Preprocess data and configure featurization

Completed

Before you can run an automated machine learning (AutoML) experiment, you need to prepare your data. When you want to train a classification model, you'll only need to provide the training data.

After you've collected the data, you need to create a data asset in Azure Machine Learning. In order for AutoML to understand how to read the data, you need to create a MLTable data asset that includes the schema of the data.

You can create a MLTable data asset when your data is stored in a folder together with a MLTable file. When you have created the data asset, you can specify it as input with the following code:

from azure.ai.ml.constants import AssetTypes
from azure.ai.ml import Input

my_training_data_input = Input(type=AssetTypes.MLTABLE, path="azureml:input-data-automl:1")

Once you've created the data asset, you can configure the AutoML experiment. Before AutoML trains a classification model, preprocessing transformations can be applied to your data.

Understand scaling and normalization

AutoML applies scaling and normalization to numeric data automatically, helping prevent any large-scale features from dominating training. During an AutoML experiment, multiple scaling or normalization techniques will be applied.

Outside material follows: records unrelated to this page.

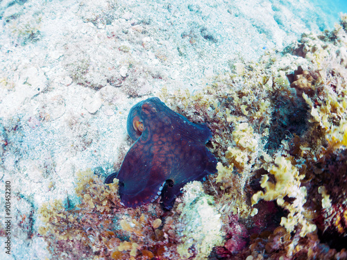 岩の間に隠れる大きな美しいワモンダコ(マダコ科)。 日本国静岡県伊豆半島賀茂郡南伊豆町中木から渡し船で渡るヒリゾ浜-2024年7月 A big beautiful Big Blue Octopus (Octopus cyanea) hiding among the rocks.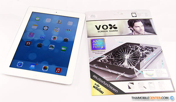 Vox Anti Shock Film ที่นำมารีวิวนั้น เป็นฟิล์มสำหรับติดหน้าจอ iPad ซึ่งสามารถติดได้ทั้ง 3 รุ่น ได้แก่ iPad 4, iPad 3 และ iPad 2 โดยสามารถตรวจสอบรุ่นที่รองรับได้จากมุมด้านซ้ายของแพ็กเกจ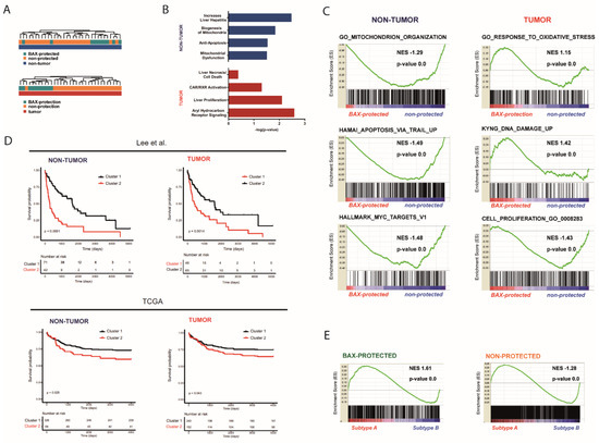 (A) Unsupervised clustering analyses based on genes differently regulated between BAX-protection and non-protection subgroups in non-tumorous and tumor tissue. (B) Activated signaling pathways between BAX-protected and non-protected subgroups in non-tumorous and tumor tissue identified by Ingenuity pathway analyses. (C) Gene set enrichment analysis (GSEA) for non-tumorous and tumor tissue. Normalized enrichment score (NES) reflects degree of overrepresentation for each group at the peak of the entire set. Statistical significance calculated by nominal p-value of the ES by an empirical phenotype-based permutation test. (D) Kaplan–Meyer analyses based on the specific transcriptome profiles in non-tumorous and tumor tissue using public available data from authentic human HCC of 139 patients from Lee et al. and of 395 patients from the TCGA database. (E) Gene set enrichment analysis (GSEA) for BAX-protected and non-protected tumor associated gene expression signatures during malignant transformation on prognostic HCC subgroups (panels A and B). Normalized enrichment score (NES) reflects degree of overrepresentation for each group at the peak of the entire set. Statistical significance calculated by nominal p-value of the ES by an empirical phenotype-based permutation test.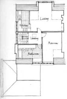 be re-converted, has a tiled kitchen at one end, dormer windows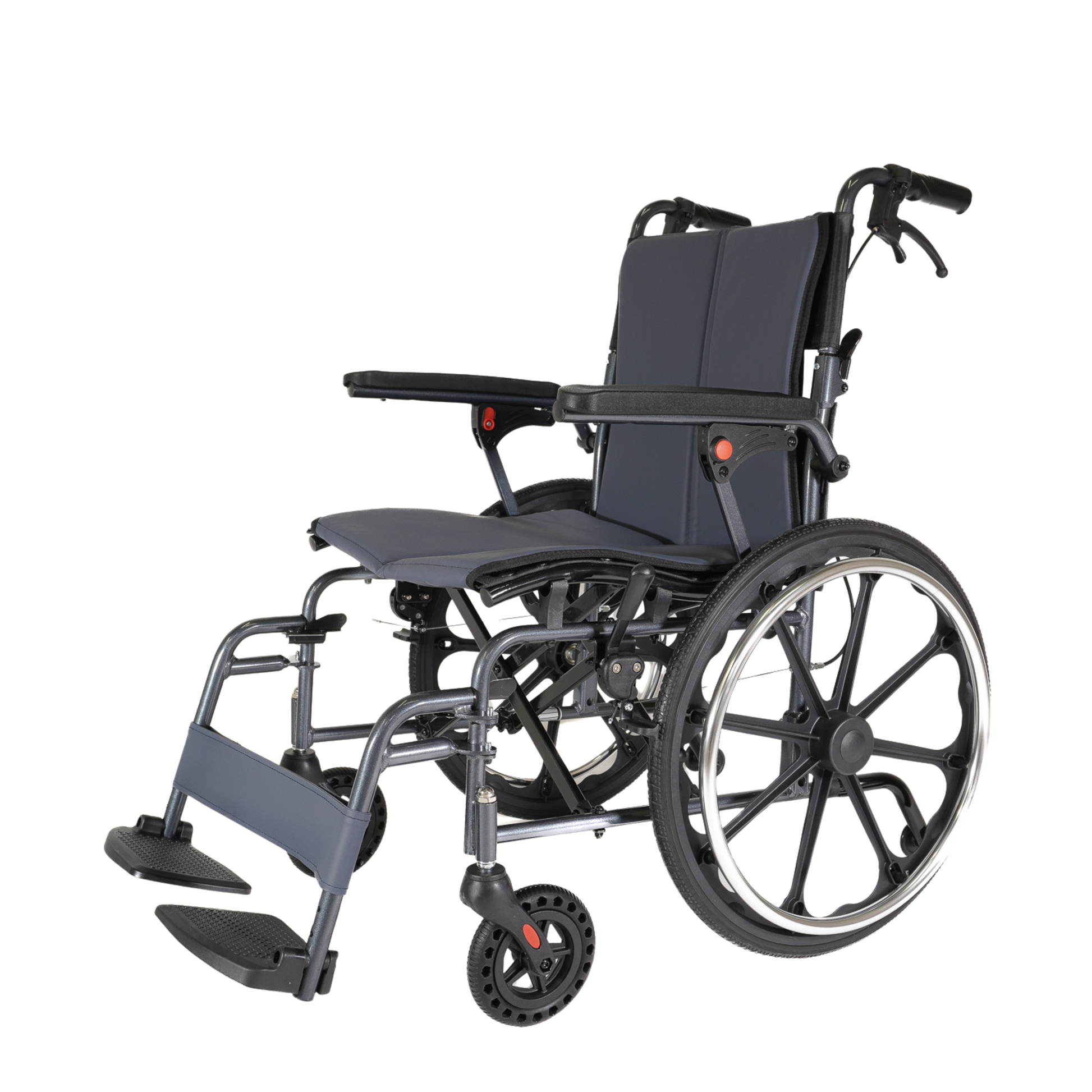 - Swing-Away Footrests – Makes transfers easier and improves accessibility in tight spaces.

Configure optional featurization

You can choose to have AutoML apply preprocessing transformations, such as:

  • Missing value imputation to eliminate nulls in the training dataset.
  • Categorical encoding to convert categorical features to numeric indicators.
  • Dropping high-cardinality features, such as record IDs.
  • Feature engineering (for example, deriving individual date parts from DateTime features)

By default, AutoML will perform featurization on your data. You can disable it if you don't want the data to be transformed.

If you do want to make use of the integrated featurization function, you can customize it. For example, you can specify which imputation method should be used for a specific feature.

After an AutoML experiment is completed, you'll be able to review which scaling and normalization methods have been applied. You'll also get notified if AutoML has detected any issues with the data, like whether there are missing values or class imbalance.